The challenge to societies’ leaders will be to learn how to harness for good the changes, but controlling and curtailing them when they venture in to possible unethical or illegal terrain  (as experienced  already with the whole hoovering up of people’s data for selling on to others).
Schwab sets this revolution in a historical context referring to the previous societal upheavals such as the industrial revolution. Each revolution did a lot to transform society, and not always for the better.
The first revolution was 1760-1840 and was triggered by the construction of railroads and development of steam power. It heralded the beginning of the mechanical age. The second started in the late 19th century and was the beginning of mass production, factory workplaces, the production line and mass employment in often poor conditions. The third, and most recent, was caused by the Digital Age. The development of semiconductors, mainframe computing and the emergence of personal computing harnessing the internet.

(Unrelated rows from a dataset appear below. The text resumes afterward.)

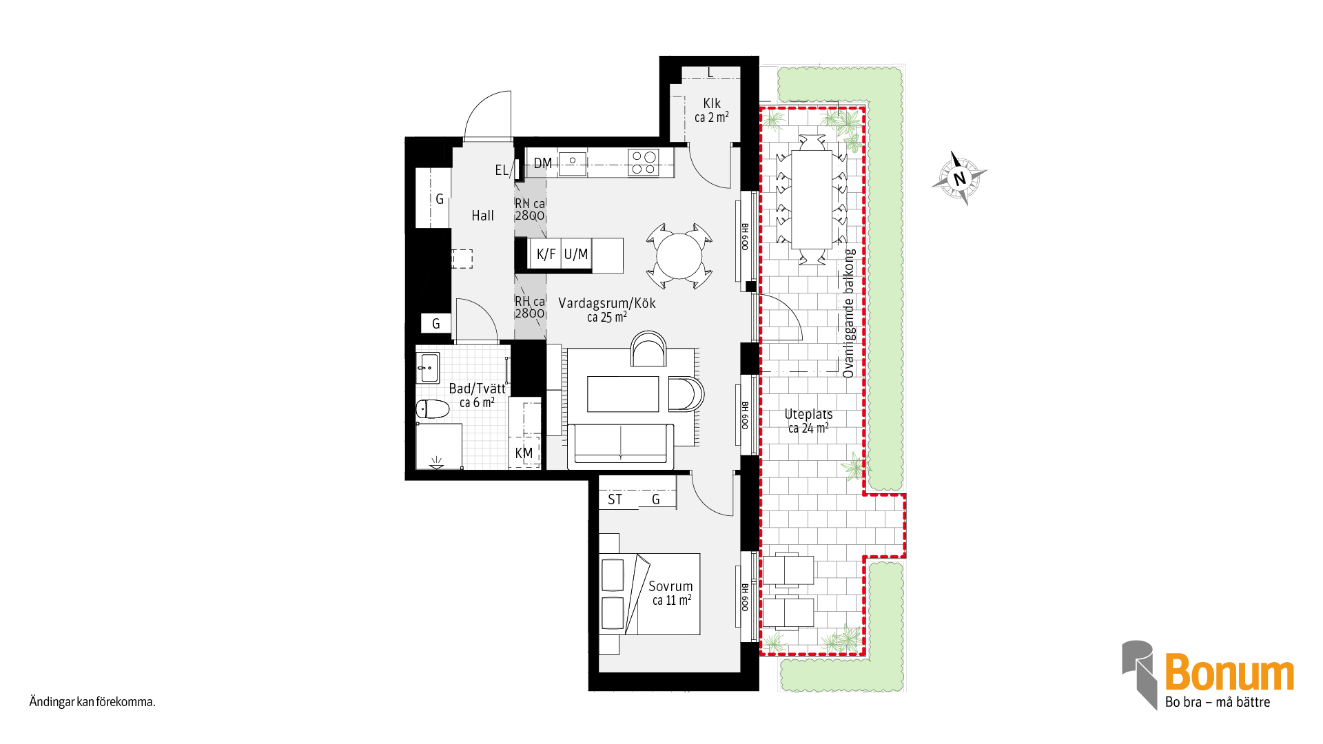 Marklägenhet med uteplats utmed hela lägenheten. 2 rum och kök om ca 52 kvm. Kök och vardagsrum i öppen planlösning men köket är delvis avskilt från vardagsrummet. Du förvarar dina saker i skjutdörrsgarederob samt en klädkammare. I badrummet finns tvättutrustning. Lägenheten vetter mot den gemensamma gården.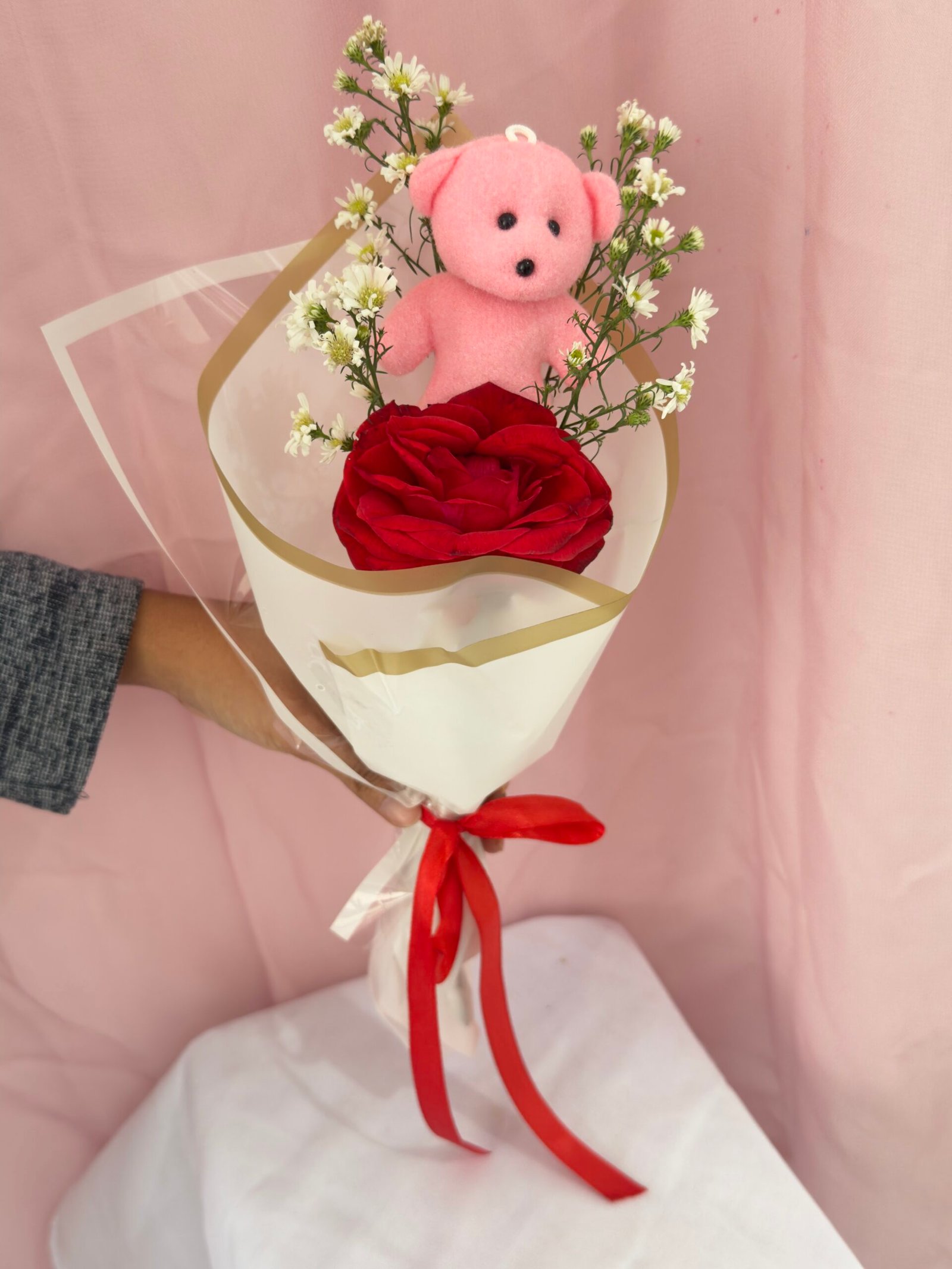 Buket Mawar dengan Boneka Kecil bukan hanya sekadar hadiah biasa, tetapi juga simbol emosi yang mendalam. Setiap elemen dikurasi dengan cinta demi menghadirkan kebahagiaan kepada yang menerimanya. Tidak hanya cantik untuk dilihat, tetapi juga menawarkan kenangan yang abadi.
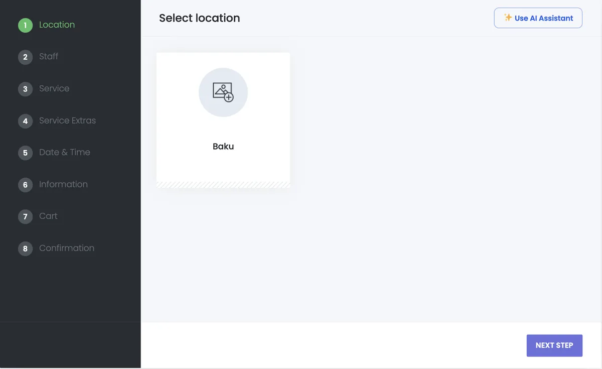 On any page where your Booknetic booking panel appears, customers see a button labeled "Use AI Assistant." One click replaces the traditional form with a conversational chat interface.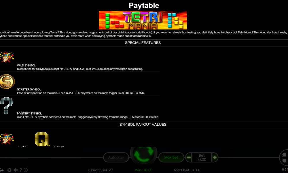 Играть на слоте на деньги дают возможность многочисленные интернет-казино, использующие программное обеспечение данного производителя. Чтобы делать ставки настоящими деньгами на Tetri Mania, нужно открыть аккаунт и внести депозит.
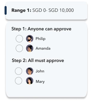 Step 1 approvals (Philip & Amanda) are not needed since John is a Step 2 approver.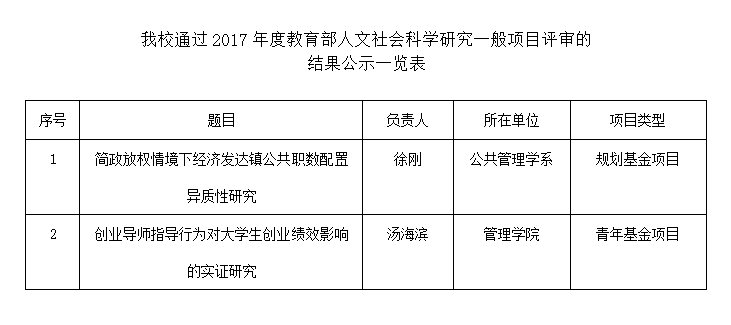 据《教育部社科司关于2017年度教育部人文社会科学研究一般项目评审结果的公示》(教社科司函〔2017〕125号)文件,Beat365公共管理学系徐刚教授申报的规划基金项目——《简政放权情境下经济发达镇公共职数配置异质性研究》和管理学院汤海滨老师申报的青年基金项目——《创业导师指导行为对大学生创业绩效影响的实证研究》通过立项评审,这是Beat365在第二个发展十年大力践行“学术强校、质量立校、特色兴校、开放办校”新时期发展方略的又一重要成果。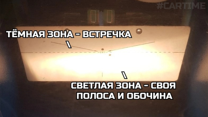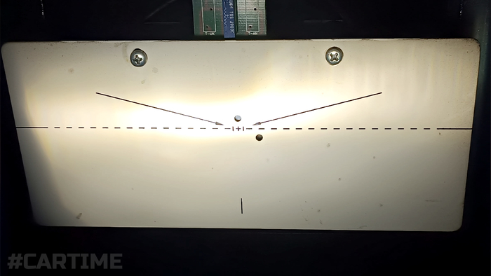Что же могло пойти не так? Поставим перед машиной реглоскоп (прибор для регулировки фар) и посмотрим на этот божественный (нет) свет. Но прежде, напомню как должна светить фара здорового человека.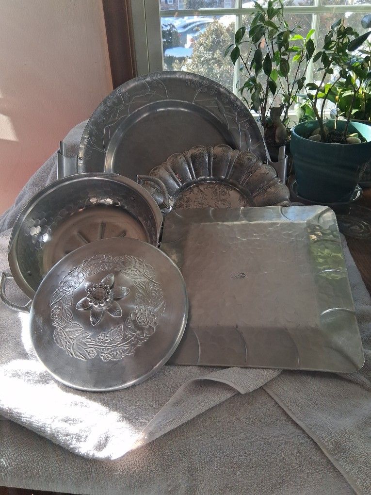 One 12" square tray One serving tray, 16" across including handles One round plate, approx. 11 1/2 " across One pot w/lid, holds approx. 9 1/2 liquid cups PICK UP ONLY, THANK YOU!!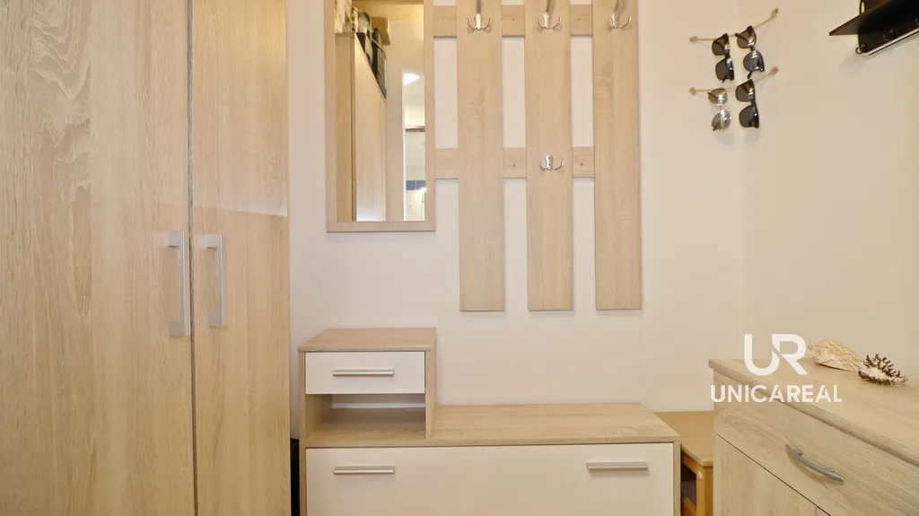 Ze vstupní chodby je vpravo ložnice, vlevo moderní kuchyňský kout propojený s prostorným obývacím pokojem. Odtud je vstup na prosluněnou lodžii s krásným výhledem do okolí.

The author concedes that there are those who argue that what he heralds as a fourth revolution is no more than the outworking of a more advanced part of the third industrial revolution. Schwab holds his ground and says the fourth industrial revolution began in 2000 when technologies began to converge, Artificial Intelligence became a reality and robotics made huge advancements. He also argues that the ubiquity of small, integrated technology available to all at low cost, plus the conquering of the language barrier through the use of machine translation, has made the global market available to all who choose to exploit it.
Disappointingly, for a book that deals with such a diverse range of concepts and technologies, it lacks an index. This was probably the result of the book having been the product of the compiling of a series of papers originally written for other forums. The book is heavy on jargon and management speak.
It is, nonetheless, a slim volume that is fairly accesible to the average reader. Schwab leaves you in no doubt that the Fourth Industrial Revolution is capable of creating a dystopian world of cloud power, AI, implanted brains and robots. The question – which Schwab hints at rather than elucidates on, is whether we as humans should meekly adapt to all technology, or whether as a society we say: “hold on; thus far and no further, thank you.”